Question

If the degree of dissociation of formic acid is 11.0\%, what is the molar conductivity of its 0.02 M solution? \[ \text{Given: } \Lambda^\infty (\mathrm{H}^+) = 349.6 \, \text{S cm}^2 \text{mol}^{-1}, \quad \Lambda^\infty (\mathrm{HCOO}^-) = 54.6 \, \text{S cm}^2 \text{mol}^{-1}. \]

• A. \(44.46\, \text{S cm}^2 \text{mol}^{-1}\)
• B. \(44.46\, \text{S cm}^2 \text{mol}^{-1}\)
• C. \(22.23\, \text{S cm}^2 \text{mol}^{-1}\)
• D. \(22.23\, \text{S cm}^2 \text{mol}^{-1}\)

Hint:

Molar conductivity at any degree of dissociation is \(\alpha\) times the sum of the ionic molar conductivities at infinite dilution. - Formic acid is a weak acid; only 11\% of it dissociates under the given conditions.

Answer 1

The Correct Option is B

Step 1: Total Limiting Molar Conductivity for Full Dissociation \[ \Lambda^\infty_{\text{(formic acid)}} = \Lambda^\infty(\mathrm{H}^+) + \Lambda^\infty(\mathrm{HCOO}^-) = 349.6 + 54.6 = 404.2 \, \text{S cm}^2 \text{mol}^{-1}. \] Step 2: Apply the Degree of Dissociation (\(\alpha\)) Given \(\alpha = 11\% = 0.11\).
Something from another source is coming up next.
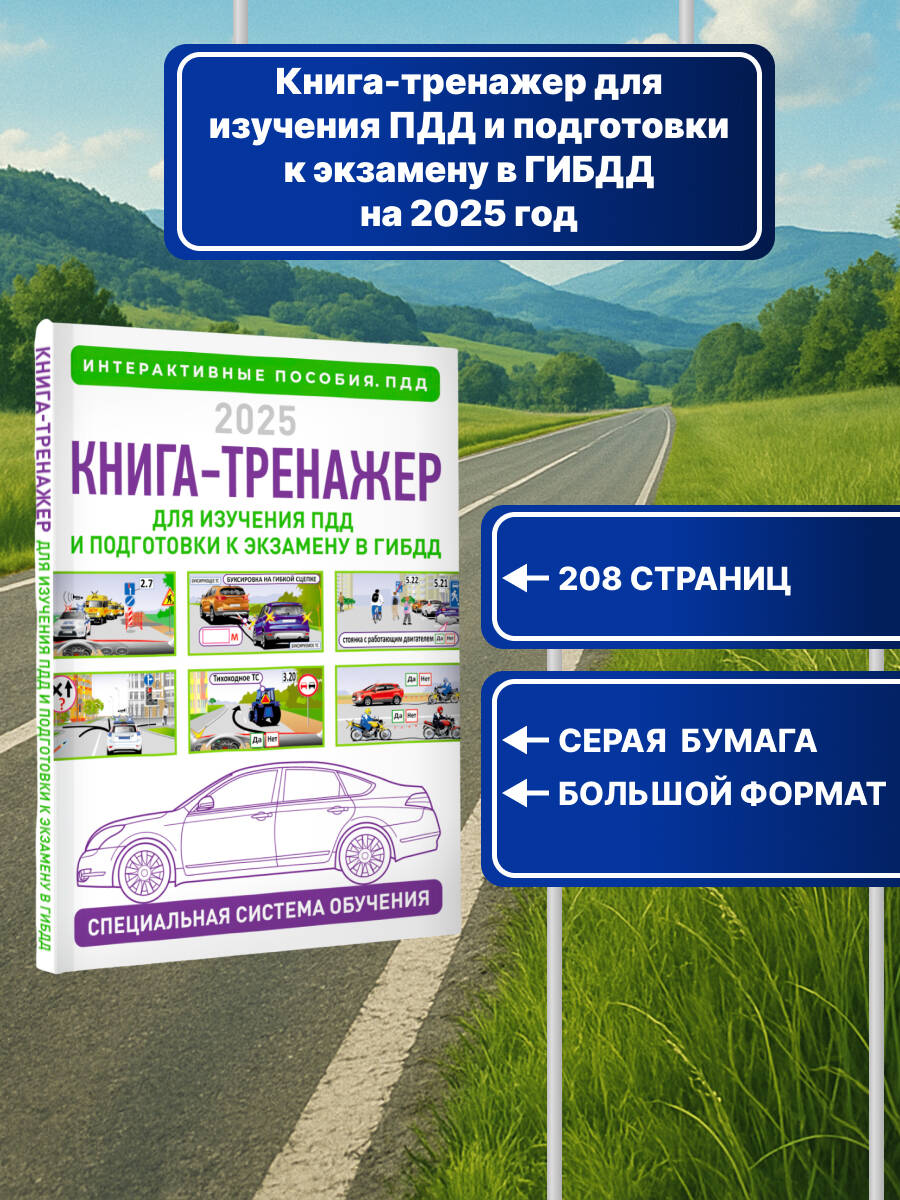 Книга-тренажер для изучения ПДД и подготовки к экзамену в ГИБДД на 2025 год

The \emph{actual} molar conductivity \(\Lambda_m\) at this concentration is: \[ \Lambda_m = \alpha \,\Lambda^\infty_{\text{(formic acid)}} = 0.11 \times 404.2 = 44.462 \approx 44.46 \, \text{S cm}^2 \text{mol}^{-1}. \] Hence, the molar conductivity of the 0.02 M solution is approximately \(44.46\, \text{S cm}^2 \text{mol}^{-1}\).